# SUPPLIED INFORMATION
+ + +

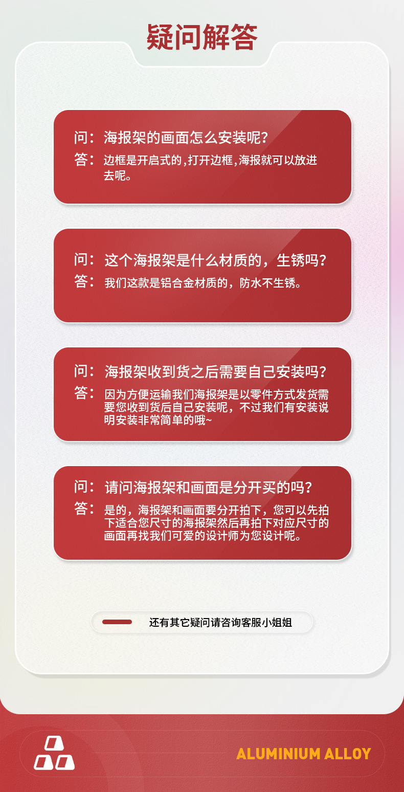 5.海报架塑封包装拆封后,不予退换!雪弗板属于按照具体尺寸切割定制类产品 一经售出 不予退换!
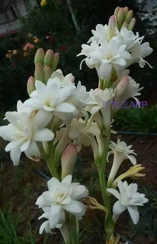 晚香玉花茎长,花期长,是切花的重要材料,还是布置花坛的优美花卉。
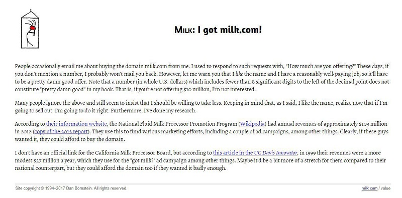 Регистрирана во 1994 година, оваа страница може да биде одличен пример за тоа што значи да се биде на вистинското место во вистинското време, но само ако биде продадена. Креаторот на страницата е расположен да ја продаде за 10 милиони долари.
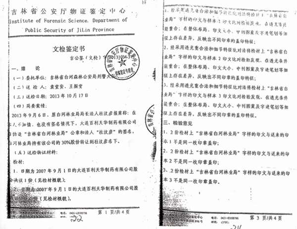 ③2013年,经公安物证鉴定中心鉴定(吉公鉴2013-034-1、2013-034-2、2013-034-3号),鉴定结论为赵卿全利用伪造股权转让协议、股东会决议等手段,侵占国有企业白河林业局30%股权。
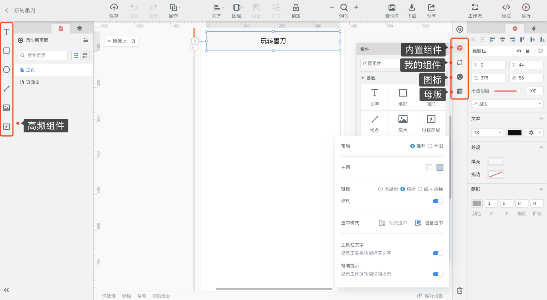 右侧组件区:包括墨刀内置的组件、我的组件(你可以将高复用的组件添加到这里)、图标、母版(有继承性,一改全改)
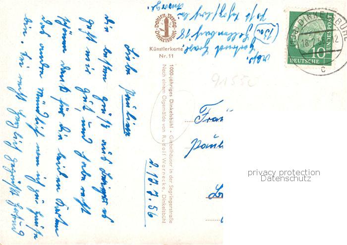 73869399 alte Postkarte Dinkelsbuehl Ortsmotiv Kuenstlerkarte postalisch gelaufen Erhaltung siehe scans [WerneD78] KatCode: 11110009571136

+ + +

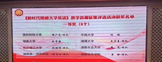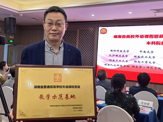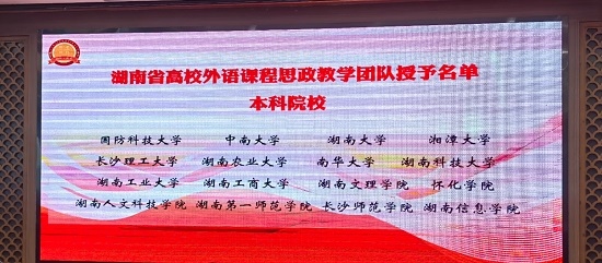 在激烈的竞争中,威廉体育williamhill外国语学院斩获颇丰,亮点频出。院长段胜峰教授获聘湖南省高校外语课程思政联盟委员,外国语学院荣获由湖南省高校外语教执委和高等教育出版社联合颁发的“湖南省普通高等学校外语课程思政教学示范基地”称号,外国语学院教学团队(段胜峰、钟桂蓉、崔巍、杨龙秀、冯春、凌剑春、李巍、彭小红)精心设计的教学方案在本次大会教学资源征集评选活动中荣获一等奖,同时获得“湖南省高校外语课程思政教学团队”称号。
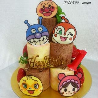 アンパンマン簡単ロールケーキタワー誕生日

+ + +

# YOUR GOAL
Your answer should consist of the lines above between those holding "在激烈的竞争中,威廉体育wi" and "アンパンマン簡単ロールケーキタワー誕生日", inclusive, reproduced word for word and without pictures.

# EXERCISE RESPONSE
 在激烈的竞争中,威廉体育williamhill外国语学院斩获颇丰,亮点频出。院长段胜峰教授获聘湖南省高校外语课程思政联盟委员,外国语学院荣获由湖南省高校外语教执委和高等教育出版社联合颁发的“湖南省普通高等学校外语课程思政教学示范基地”称号,外国语学院教学团队(段胜峰、钟桂蓉、崔巍、杨龙秀、冯春、凌剑春、李巍、彭小红)精心设计的教学方案在本次大会教学资源征集评选活动中荣获一等奖,同时获得“湖南省高校外语课程思政教学团队”称号。
 アンパンマン簡単ロールケーキタワー誕生日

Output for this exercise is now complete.